The increase in the CP share in the overall funding mix is not worrisome at this juncture due to three factors.

 

First, NBFCs backed by parent constitute almost 80% of the CP volume. Even for the other NBFCs, issuances are largely backed by shorter tenure assets such as loan against shares, gold loans and unsecured loans.

 

Second, NBFCs are issuing longer tenure CPs now as against the shorter tenures in the past. The proportion of CP issuances with maturities of up to 2 months was just ~10% during January-March 2024 compared with ~33% in July-September 2019. On the other hand, the share of issuances with maturity of 9-12 months increased to ~25% from ~8%.

 

Third, most NBFCs and housing finance companies (HFCs) are maintaining higher liquidity coverage ratio with the medians being ~155%2 and ~140%3, respectively, as of December 2023.

 

Ergo, asset liability management shouldn’t see any challenges. This, along with stable asset quality and stronger balance sheets - with the sector’s gearing improving to ~4 times as of December 2023 from ~6 times as of March 2019 - will sustain investor interest in NBFC-issued CPs.

 

All said, NBFCs on their part, will need to continue prudent liquidity management with lower reliance on short-tenure CPs in their funding mix, as has been the case over the past few years.

 

Beside CPs, NBFCs may also look for other funding avenues including securitisation, which is also seeing traction, as reflected through its volume reconquering the peak of ~Rs 1.9 lakh crore in fiscal 2024.

 

1NBFCs include HFCs, but exclude government-owned NBFCs
2The median is for NBFCs accounting for ~85% of the sector. As per regulatory requirements, NBFCs are required to maintain a minimum liquidity coverage ratio of 85% with effect from December 1, 2023.
3The median is for HFCs accounting for ~85% of the sector.
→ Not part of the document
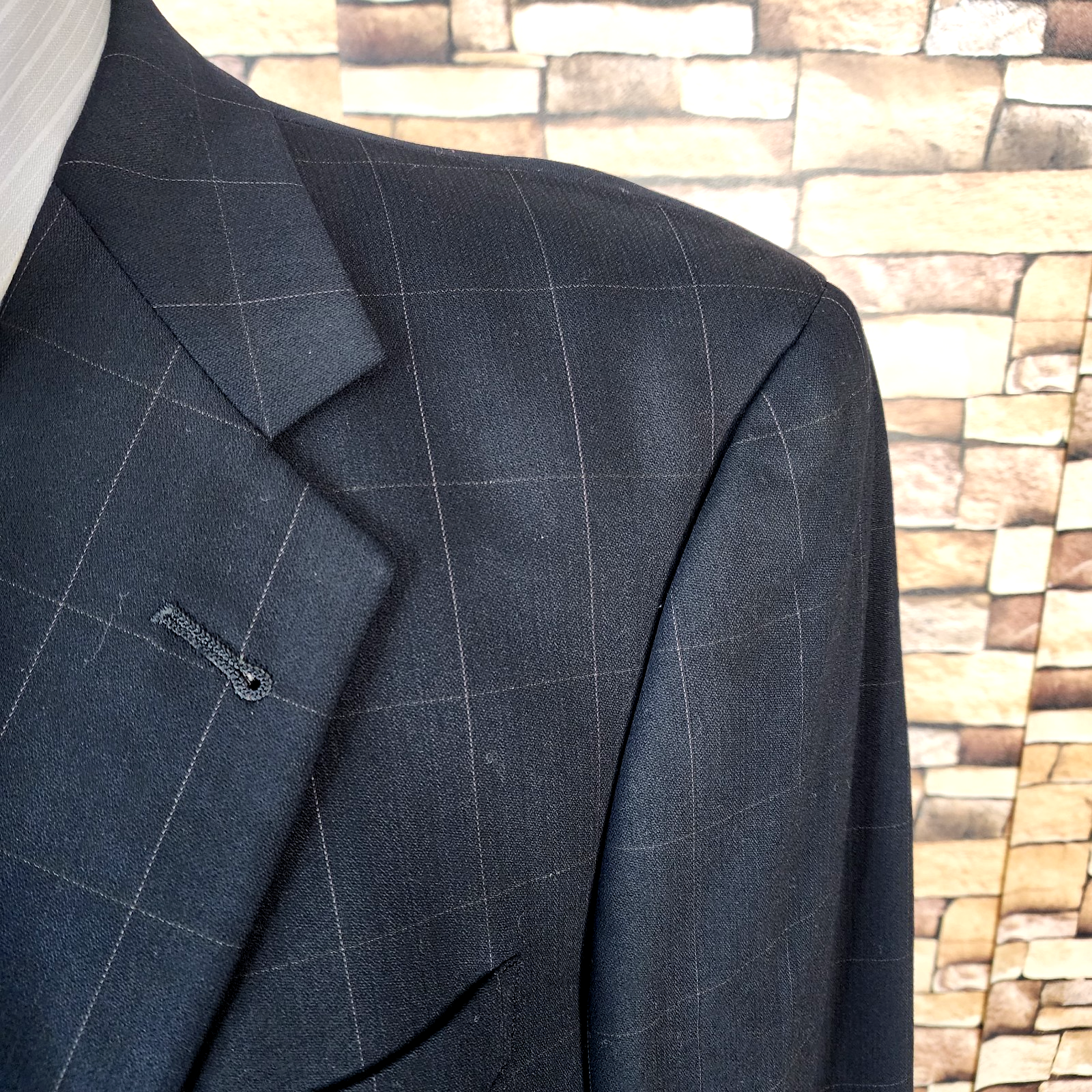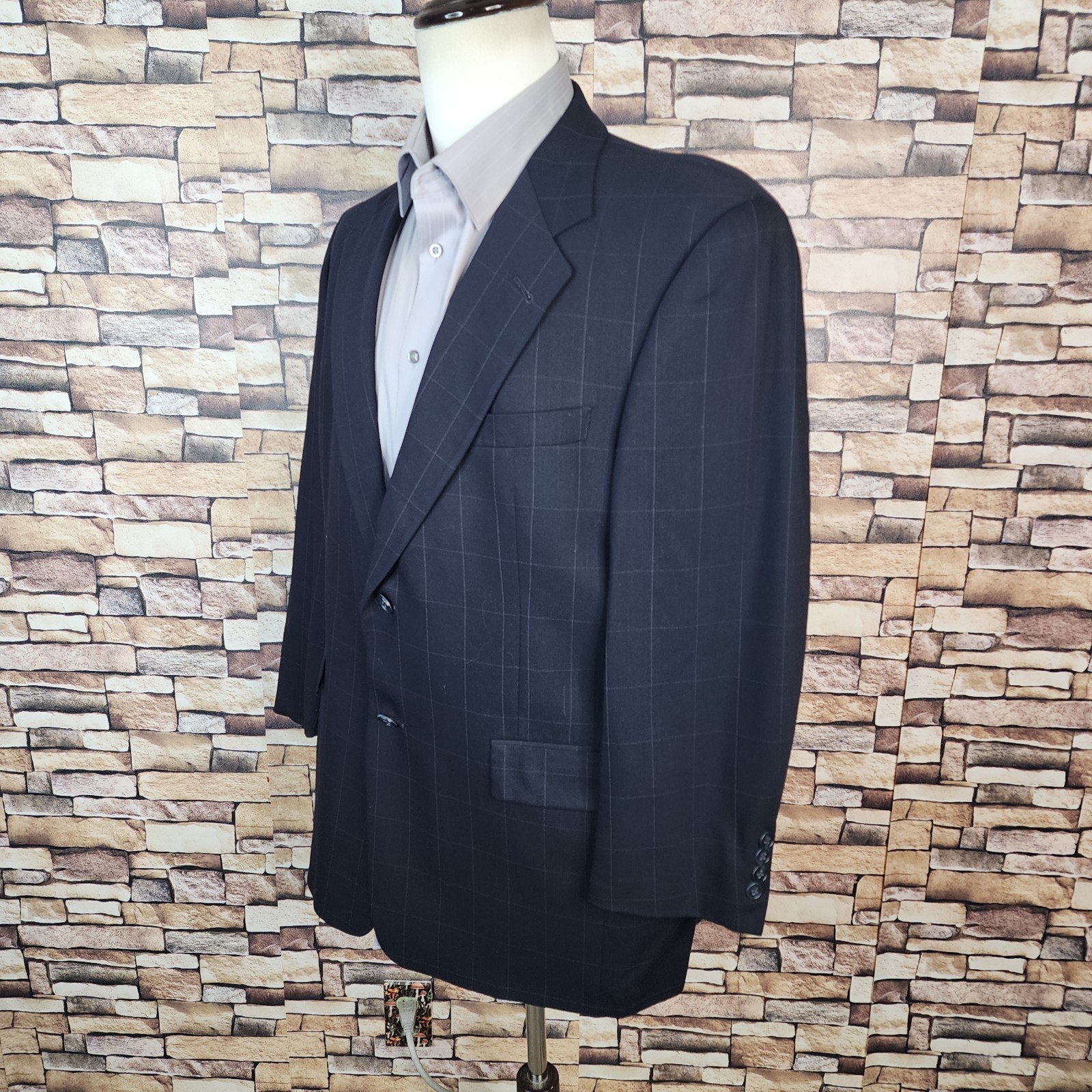 Hart Schaffner Marx Jacket Blazer Mens 42R/S Dark Navy Windowpane Wool Has Been Shortened a bit in the Sleeves and overall jacket Length . Almost Black in color Shirt Size on Label 42R Shoulder- Hem 30.00'' Shoulder- Shoulder 20.00'' Shoulder- Wrist 23.00'' Armpit- Armpit 22.50'' Top button 21.00'' Everything ships within a day. Spot cleaned according to manufacturer's recommendations. Has a chance of wrinkling in the mail. Feel free to message me with any questions. Thank you very much. 11/30/2025

As per regulatory requirements, all non-deposit taking HFCs with asset size of Rs 5,000 crore and above, but less than Rs 10,000 crore are required to maintain a minimum liquidity coverage ratio of 60% and HFCs with asset size of Rs 10,000 crore or above are required to maintain a minimum liquidity coverage ratio of 70% with effect from December 1, 2023.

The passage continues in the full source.